5.- Networking. Las reuniones de contactos son el típico sitio donde tendrás que saber qué debes decir y a quién debes decírselo. Prepara con cariño tus posibles conversaciones, trabaja tu “elevator pitch” (presentación de 30″) e interiorízala para que cuando surja la ocasión te salga de forma natural. Ten claro qué vas a decir y cómo lo vas a decir, pero resulta tan auténtico como realmente eres.

6.- Presentaciones de proyecto. Si estás metido en el negocio de Consultoría o tienes que desarrollar un proyecto en tu compañía, aprovecha el momento de la presentación para convencer con los datos que presentas y ganar con la forma en la que los expones.

7.- Llamadas frías. Resulta sorprendente comprobar como el conocimiento de la técnica y una buena ejecución pueden hacerte conseguir resultados sorprendentes cuando llamas a alguien que no conoces. Si no prestas atención a estos términos es muy probable que no pases el filtro de la secretaria.

8.- Negociaciones. Negociar es un auténtico arte donde la preparación y la técnica juegan un papel fundamental, pero sin una buena oratoria y habilidad para vender tus argumentos a la otra parte pierden todo su valor.

9.- Presencia en medios. Imagina que, como uno más de tus elementos de relaciones públicas, tienes que dar una entrevista a una emisora de radio. ¿Puedes imaginar cuál sería el efecto para tu negocio si no resultas lo suficientemente convincente a los oídos de los que te escuchan?

10.- Conferencias. Son oportunidades perfectas para vender tu negocio y venderte tú. Acepta todas las invitaciones que recibas y prepara con dedicación el tema del que hablarás. Si lo haces con brillantez, estarás sembrando una gran cosecha de futuros clientes.

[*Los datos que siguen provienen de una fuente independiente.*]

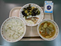 ・グリンピースご飯 ・肉じゃが ・大根とツナの和え物 ・牛乳 |

11.- Training. La única forma de conseguir que todos los que asistan a tus sesiones de formación (sean de la naturaleza que sean) salgan con los conceptos claros pasa porque organices tu presentación de forma didáctica, incorpores actividades y utilices diferentes técnicas (presentación oral, visual y trabajo físico).

12.- Rondas de financiación. Aquí no se hacen bromas. Tú tienes necesidad de financiación. Tu interlocutor tiene el dinero y sólo estará dispuesto a dártelo si eres capaz de convencerle, con una presentación ganadora, de que tu negocio es el mejor sitio para “depositar” su dinero.

13.- Teleconferencias. Aprovecha las oportunidades que nos brinda la tecnología y utiliza esta fórmula para mantener el contacto con tus clientes o intentar captar clientes nuevos ofreciéndoles teleconferencias en grupo con temas atractivos y exposiciones cautivadoras.

Las posibilidades son muchas y diversas, pero todas te ofrecen una oportunidad para poner en práctica tu oratoria y hacerte con los beneficios de una buena presentación. Trabájalas como se merecen, piensa en tu audiencia, aplica la técnica, ponle tanta pasión y energía como seas capaz y prepárate para ganar. La palabra es una herramienta muy potente. ¡Utilízala como debes y consigue que te quieran!